20:36:00<igelritte>interesting
20:37:00<igelritte>very interesting
20:37:00<DFJustin>the main impetus is that it's a requirement for wayback to integrate the data (proper timestamps are a necessity, for example)
20:37:00<igelritte>Okay, I can see what you're saying
20:38:00<DFJustin>everyone grabbed geocities kind of higgledy-piggledy and it's hard to pin down the dates for anything because of filesystems, time zones, modification time vs download time etc
20:39:00<DFJustin>so the later projects have been standardized on warc
20:39:00<igelritte>The Geocities project was quite an accomplishment
20:41:00<DFJustin>warc is big with the pointy-headed academic world because of formal documentation etc. so that gives us an in with that crowd too
20:41:00<DFJustin>unfortunately the end user tools for it are not great yet
20:43:00<igelritte>I loved Jason's picture of the datacenter where the nine terabytes where housed. It reminded me of this scene from 'Connections'--that interesting spin on discovery and invention that came out in the 70's by James Burke--where he holds up an old tape cartridge and expounds: "this device holds one million characters," in that tone of voice like the audience is supposed to piss themselves in amazement. You then do the math and realize that
20:43:00<joepie91>DFJustin: is there a format specification for warc?
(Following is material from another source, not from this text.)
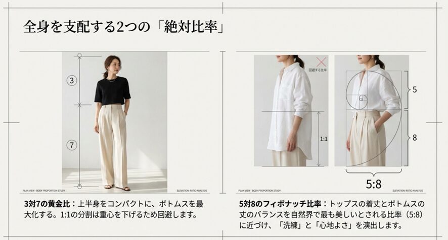 さらに高度なテクニックとして、トップスの着丈とボトムスの丈のバランスを「5対8」のフィボナッチ比率に近づける手法がありま 。これは自然界で最も美しいとされる比率であり、これをコーディネートに取り入れることで、見る人に無意識の「心地よさ」と「洗練」を感じさせることができます。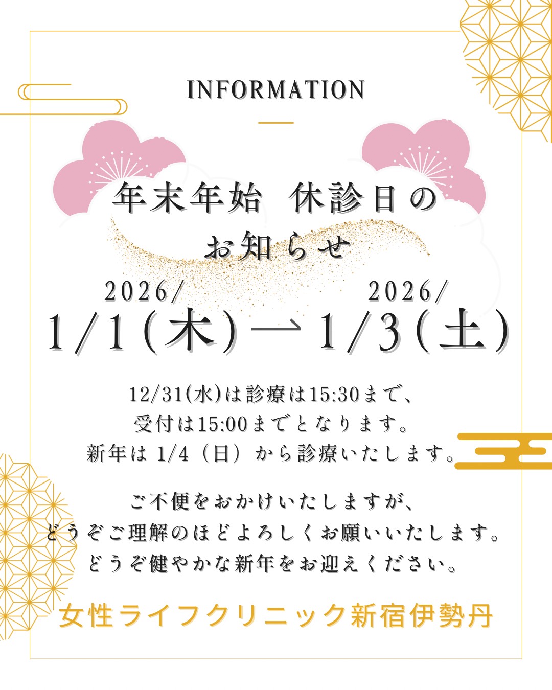 12/31(水)の診療は 15:30(15:00受付)まで

20:43:00<joepie91>one that is publicly accessible
20:44:00<DFJustin>ISO 28500
20:45:00<joepie91>CHF 122,00
20:45:00<joepie91>eh.
20:46:00<joepie91>DFJustin; anything or any place that *doesn't* want to see the inside of my wallet?
20:46:00<joepie91>:|
20:46:00<DFJustin>obviously, you can google it just as well as I can though
20:46:00<joepie91>yes, and I only get drafts
20:47:00<joepie91>do I seriously have to pirate a document to figure out what warc looks like
20:47:00<joepie91>:|
20:47:00<igelritte>I have to say that you folks seem down right Edwardian in your manners. Most of my experiences in chatrooms with techsavy folks have not been so pleasant.
20:48:00<SmileyG>:D
20:48:00<SmileyG>Most people suck.
20:48:00<SmileyG>I think the fact everyone is here because they care about it helps, rather than being here because of "work" or other reasons.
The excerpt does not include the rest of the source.